Manoel Carlos afirmou, sem conhecer a opinião de Pallotini, que o sentido dos depoimentos é o de reforçar a ligação da vida "real" com o que se passa nos capítulos. "Ao encerrar a novela com os depoimentos, é como se eu perguntasse aos telespectadores: "Gostaram dessas cenas de ficção que acabaram de ver? Pois então agora fiquem com uma cena real, que foi vivida por uma pessoa comum"."
Para Janine Ribeiro, é natural que esse tipo de depoimento popular surgisse em uma telenovela. "As novelas são o que de melhor a televisão brasileira criou e terminaram por se tornar um espaço privilegiado de discussão pública no país."
Para o professor da USP, a novela foi, durante muito tempo, mais realista do que o "Jornal Nacional" e ainda é mais progressista e menos reacionária que os programas de humor.

"O Dono do Mundo"
O psicanalista Tales Ab'Sáber acredita que a polêmica em torno dos depoimentos reais de "Páginas da Vida" tenha sido acalorada porque as novelas "ocupam um lugar privilegiado na atenção das pessoas e na construção de seu universo imaginário". "Muitos acharam um escândalo uma senhora negra e velha ter contado a primeira vez que gozou. O mais curioso é que esse tipo de discurso sobre a sexualidade pode no outdoor, pode antes e depois da novela, mas na novela não pode. Esse espaço da teledramaturgia, de fato, não é banal. Ele agencia questões e convoca a vida imaginária das pessoas. Algumas, talvez, só tenham vida imaginária aí", defendeu.
Ele vê no evento do relato ao som de "Côncavo e Convexo" uma reação semelhante, embora em menor escala, à que outra novela, "O Dono do Mundo", provocou no público em 1991.

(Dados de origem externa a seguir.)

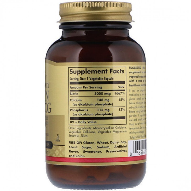 Предупреждения: Если вы беременны, кормите грудью, принимаете какие-либо лекарства или имеете какое-либо заболевание, проконсультируйтесь с вашим лечащим врачом, прежде чем принимать какие-либо пищевые добавки. Рекомендуется проконсультироваться с врачом, прежде чем использовать дозы биотина выше 2500 мкг в день. Если возникнут какие-либо побочные реакции, прекратите использование и проконсультируйтесь с врачом. Храните в недоступном для детей месте. Хранить при комнатной температуре.
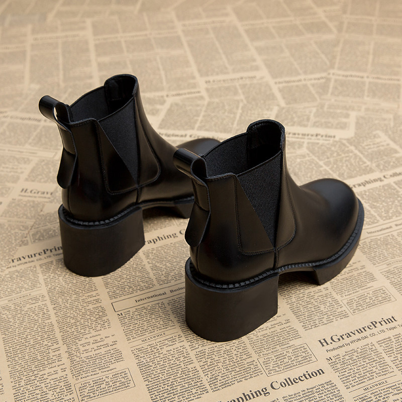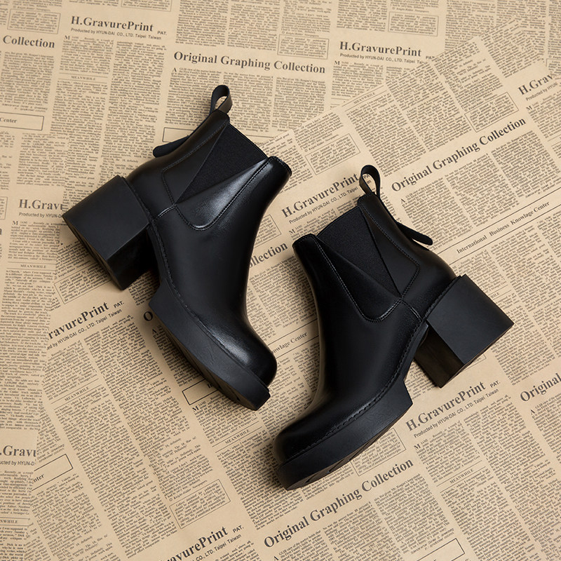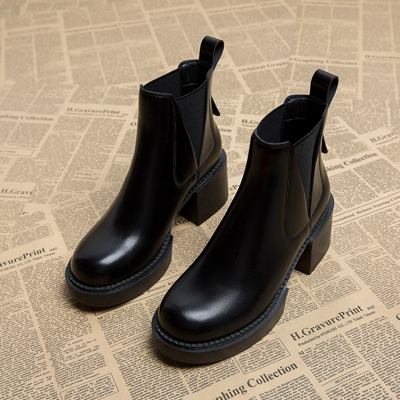 巨好看短靴女厚底高跟切尔西靴子女秋冬季2025新款法式粗跟瘦瘦靴

Em artigo publicado no caderno "Mais!", da Folha, em 2003, Ab'Sáber havia chamado a atenção para o fato de que muitas pessoas desligaram a TV ou mudaram de canal no capítulo em que o protagonista e vilão da trama, Felipe Barreto (Antonio Fagundes), tirava a virgindade da personagem de Malu Mader. Ela era a mocinha da trama e, segundo a história, estaria sendo levada a trair seu noivo com o vilão. A ação de Felipe Barreto, segundo Ab'Sáber, revelava "o poder sádico e cínico de parcela da elite" brasileira. Esse retrato, inesperado numa novela em sua opinião, teria provocado um "curto-circuito na esfera pública".